DATA IN THIS EXERCISE
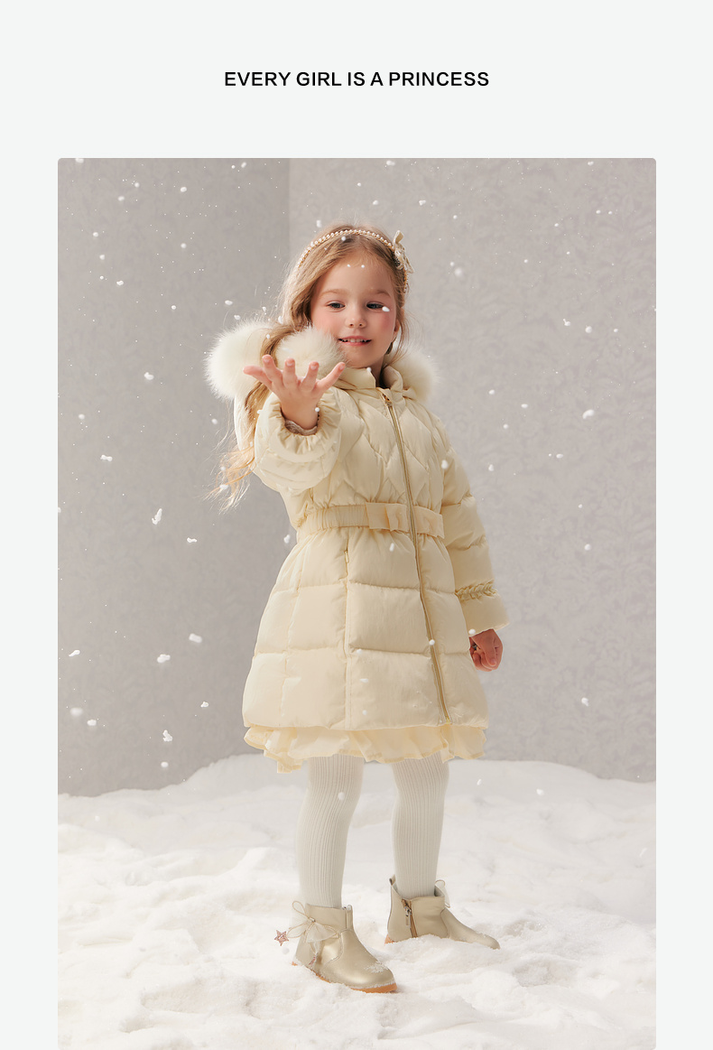 笛莎Deesha 童装女童羽绒服2025冬新款经典收腰甜美版型羽绒服
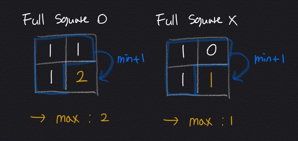 2 * 2 정사각형의 우측 하단 마지막 칸의 값을, 나머지 3칸의 최소값 + 1로 갱신해준다.
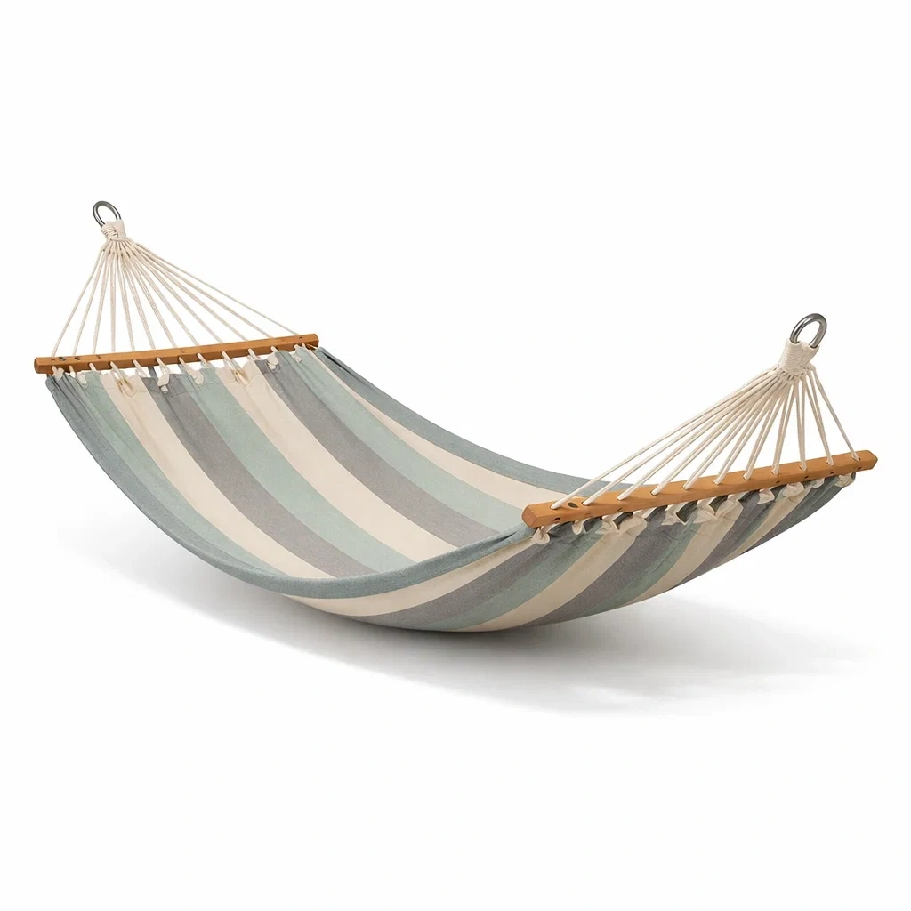 Amaca da giardino in cotone a righe blu grigio beige
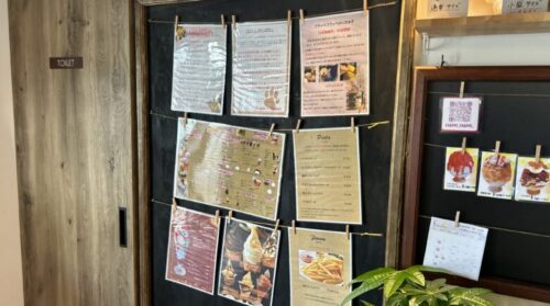 レジ横の看板で注文できるかき氷が確認できますよ。
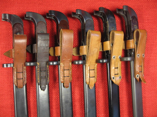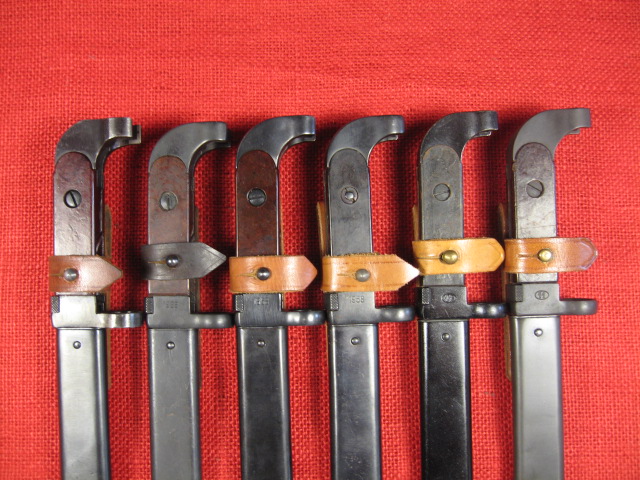 Below are 6 random Polish AK47 bayonets, four 1958 and two 1970 models to show some of the different patterns. Also a close up of the sewn and glued stud covers. Mike

WHAT IS NEEDED
Although the records contain pictures, return only their text, exactly as written.

PROBLEM SOLUTION
 笛莎Deesha 童装女童羽绒服2025冬新款经典收腰甜美版型羽绒服
 2 * 2 정사각형의 우측 하단 마지막 칸의 값을, 나머지 3칸의 최소값 + 1로 갱신해준다.
 Amaca da giardino in cotone a righe blu grigio beige
 レジ横の看板で注文できるかき氷が確認できますよ。
 Below are 6 random Polish AK47 bayonets, four 1958 and two 1970 models to show some of the different patterns. Also a close up of the sewn and glued stud covers. Mike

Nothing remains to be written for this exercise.